Extract from the judgement

(Excerpt taken from Kilgore v. Boyd, Circuit Court of the 13th Judicial Circuit of the State of Florida, Hillsborough County, Family Law Division. Case no. 94-7573, Div. D)

THE COURT: ... If I do have to apply a Frye test he has passed the Frye test. And I find that parental alienation syndrome has passed the Frye test in my courtroom, which is a Circuit Court Courtroom in the Family Law division, based on the evidence and the argument before me. The evidence and the argument before me, the testimony and the CV of Dr. Gardner, together with an excerpt of his writings. There was also proffered an article from the Florida Bar Journal which, quite frankly, I read when it came out and at the time I read it I placed some credibility in it. I'm also impressed by the fact that Dr. Gardner is cited in the footnote in at least one of the cases, I believe it's Schultz vs. Schultz hang on a second. Off the record a second. (There was a discussion off the record.)


THE COURT: It has also been proffered that the state of
Texas gives it credence in its book of evidence and as Dr. Warshak testified the-- I cannot cite exactly the group, but it's some national psychologist organization, cites it approvingly and cites Dr. Gardner's writings approvingly in its child custody evaluation criteria.


Weighed against that was the testimony of Dr. Carter, who is a psychologist who seems to have no national criteria and whose opinion was bolstered by Dr.
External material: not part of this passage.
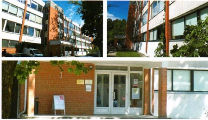
Stopiņu novada Ulbrokas bibliotēka

Vairāku projektu ietvaros tiek apzināts kultūras kanons un kultūras mantojuma kopums, kas atspoguļo uzkrātās un no jauna radītās nacionālās identitātes un kultūras vērtības seno māju un citu rakstu kontekstā. Stopiņu novada kultūras kanons rakstu zīmēs top kā kartīšu komplekts, t.sk., ceļojošās izstādes materiāla kopa, kas atspoguļo (ne)materiālā kultūrvēsturiskā mantojuma apzinātos faktus un veic to popularizēšanu.

Whyte. I know Dr. Whyte, I have a very high opinion of Dr. Whyte's capabilities and quite frankly, based on their testimony I could see only that there only seems to be some sort of disciplinary turf battle between psychologists and psychiatrists, and just because psychologists don't approve of the parental alienation syndrome and because they cite that it's not in the DSM-IV doesn't mean that his test is not widely accepted in the relevant scientific community of child psychiatrists. Based on the evidence before me I have every reason to believe that it does.


Furthermore, Dr. Gardner's argument that it's not in the DSM-IV his argument is it's not in there yet because the DSM-IV hasn't been updated since 1994. Both of the examples cited, that is the fact that AIDS was widely discussed and treated and diagnosed before it was included in the DSM-IV, as was Tourette's syndrome, is persuasive.


The study by Dr. Gardner has been around since 1985, which is fifteen years. He testified that he's had some successful results, he's run some studies. His testimony was bolstered by Dr. Warshak, who is a psychologist and is also a full professor at a fairly prestigious university.


So based on the totality or that I find that even though I might not have to have the test meet the Frye criteria that it does meet the Frye criteria, and therefore I'm denying the former wife's motion to strike the testimony and evidence in the reference to parental alienation syndrome.


A few have asked: "What is the Frye Test?"

In the early 1920s, a man named James Frye was found guilty of murder on the basis of a new lie-detector test based on the theory that when a person lied, the systolic blood pressure would be elevated. In 1923, the Washington D.C. appeals court ruled that before a new scientific principle or discovery could be used as evidence in a court of law, it "must be sufficiently established to have gained general acceptance in the particular field in which it belongs." The court ruled that the blood-pressure test had not gained such acceptance, and so Frye`s conviction was reversed. On the basis of the two-day Frye hearing in Tampa, the court ruled (primarily on the basis of the 100 peer-reviewed articles on the PAS and 38 court rulings in which the PAS had been accepted by the judge) that the PAS had gained general acceptance in the fields of psychology and psychiatry and can thereby be used as evidence in courts of law. Courts are free to accept evidence that has not passed the Frye test--and this has certainly happened with the PAS--but such acceptance is more easily appealable. Now such cases will be more difficult to appeal.


Notification of Judgement - Berg v. Perlow (U.S.)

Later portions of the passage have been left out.